The following facts are not in dispute. Between July 1, 1968 and May 1, 1982, the defendant received public assistance from the State of Connecticut under the program Aid To Families With Dependent Children (AFDC). The total amount of reimbursable assistance granted to defendant was $34,970.61.

On March 2, 1994, Steadman Stephen Lindsay (the decedent) died leaving to the defendant all his right, title and interest in real property in Bloomfield, Connecticut(the "Property"). The Property is valued at $80,000. In September, 1995 this court, O'Neill, J., granted the plaintiffs application for prejudgment attachment of the Property. Thereafter, the defendant filed a petition to discharge the attachment on the ground that it was subject to the homestead exemption. The court denied the petition, holding that the defendant's debt to the state predated the homestead exemption.

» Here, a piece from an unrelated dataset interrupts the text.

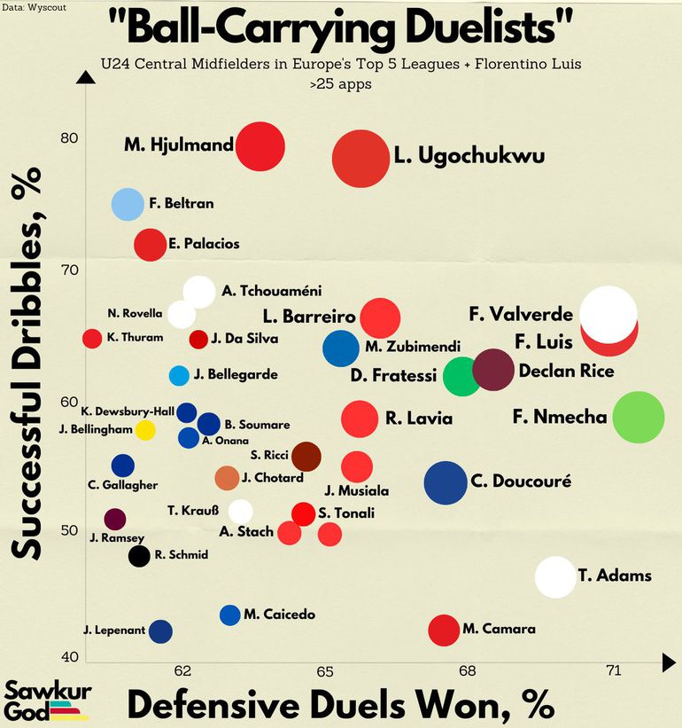 With a dribble completion percentage of 60.0%, Ugochukwu ranks just outside the 80th percentile of midfielders in Europe’s top five leagues, while his defensive and passing stats are just as impressive.

The court denied the petition, CT Page 1705 holding that the defendant's debt to the state predated the homestead exemption statute which did not have retroactive application.

In her Answer and Special Defense the defendant claims that 1) she is not liable for repayment of aid under Connecticut General Statutes § 17b-93 because she is a past beneficiary of public assistance as distinguished from a present beneficiary and that the repayment obligations of § 17b-93 may not be imposed on past beneficiaries, 2) she is not liable for repayment of aid because the estate failed to notify her of its intentions regarding its claims against her after-acquired property within thirty days of her purported request for such information, and 3) the value of her property, up to $75,000, is subject to a homestead exemption pursuant to Connecticut General Statutes §§ 52-352a and 52-352b and, therefore, cannot be liened.

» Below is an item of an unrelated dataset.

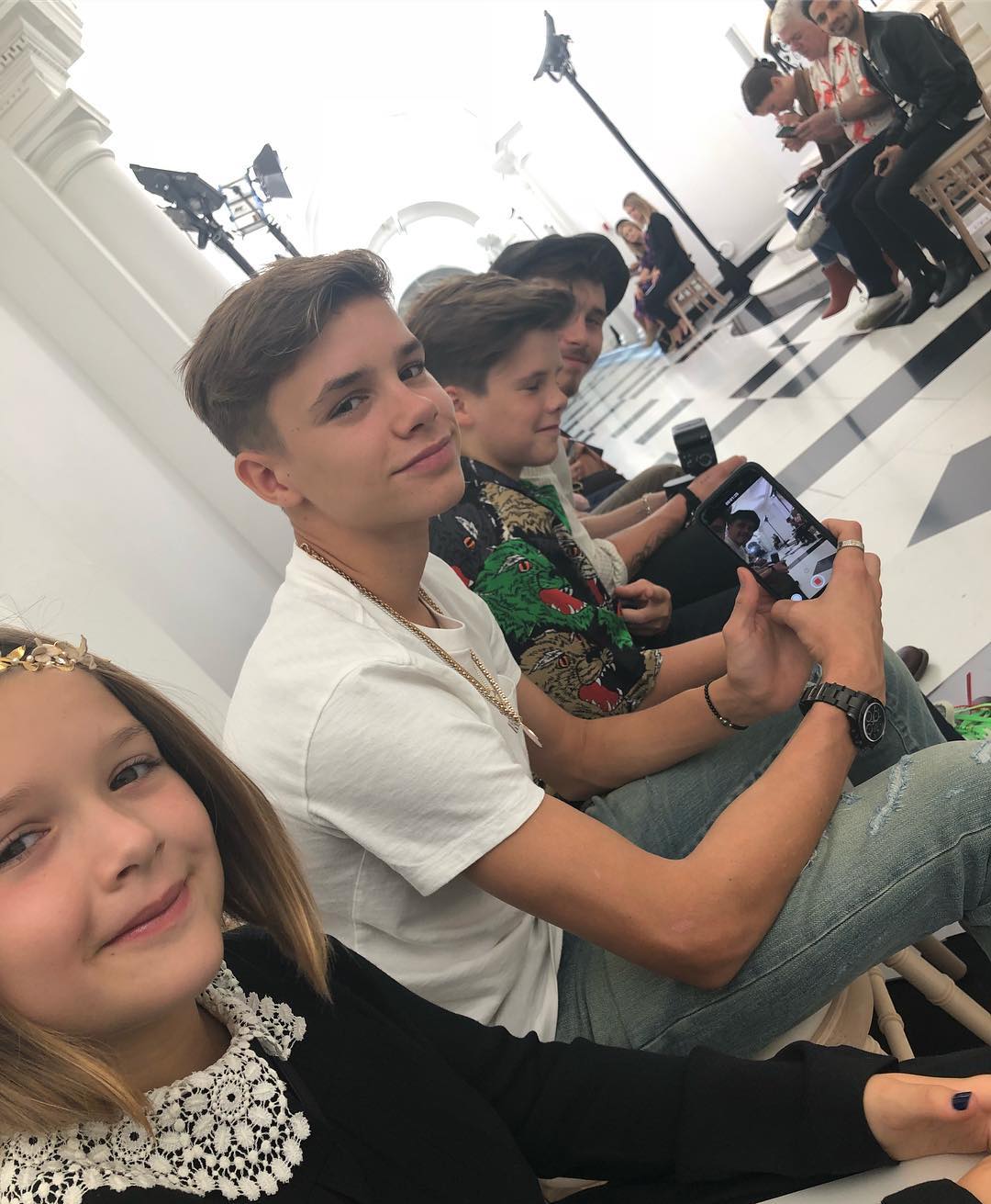Um momento de orgulho para a designer e a sua família. A prole Beckham, David, Brooklyn, Cruz e Harper, juntou-se na primeira fila para apoiar a ex- Spice Girl, que escolheu uma galeria em Dover Street para a ocasião.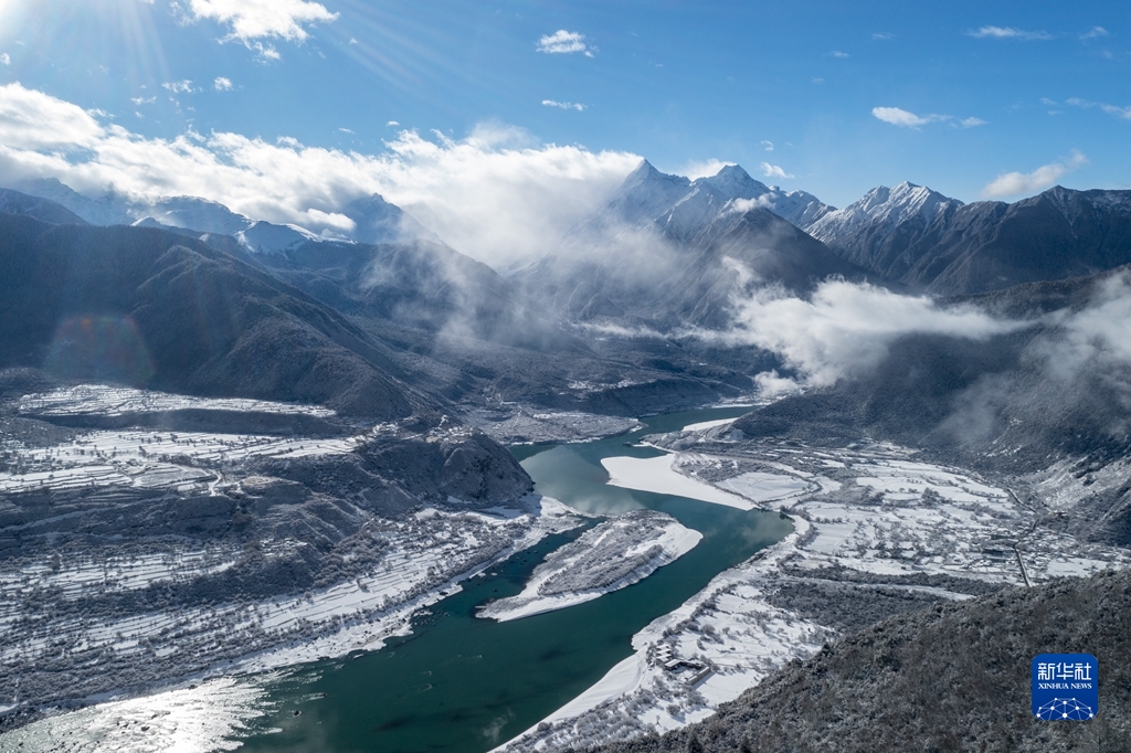 當日,西藏林芝市米林縣派鎮雅魯藏布大峽谷附近普降瑞雪,銀裝素裹的雅魯藏布江和南迦巴瓦峰顯得格外壯美。

The defendant has not filed an affidavit in opposition to the Motion for Summary Judgment, but she has filed an Objection to that Motion and a Memorandum in Support of that Objection. The Objection is based on the actions of the Bloomfield Probate Court and the actions of the state and the defendant in connection with the probating of the estate of the decedent. Those actions are not in dispute, but the legal effect of those actions is disputed.

In April, 1994 the defendant was appointed fiduciary of the estate of the decedent. By letter of June 29, 1994, Susan Bolduc, and investigator for the Administrative Services Department wrote a letter to the defendant as fiduciary of the estate which stated in pertinent part:

The above heir [Patricia Lindsay] is or has been a beneficiary or is liable for a beneficiary of public assistance from the Department of Social Services, State of Connecticut.

Under authority of Connecticut General Statutes 17-83e and 17-83f, the State has a claim against the distributive share of the above heir [Patricia Lindsay]. Emphasis added.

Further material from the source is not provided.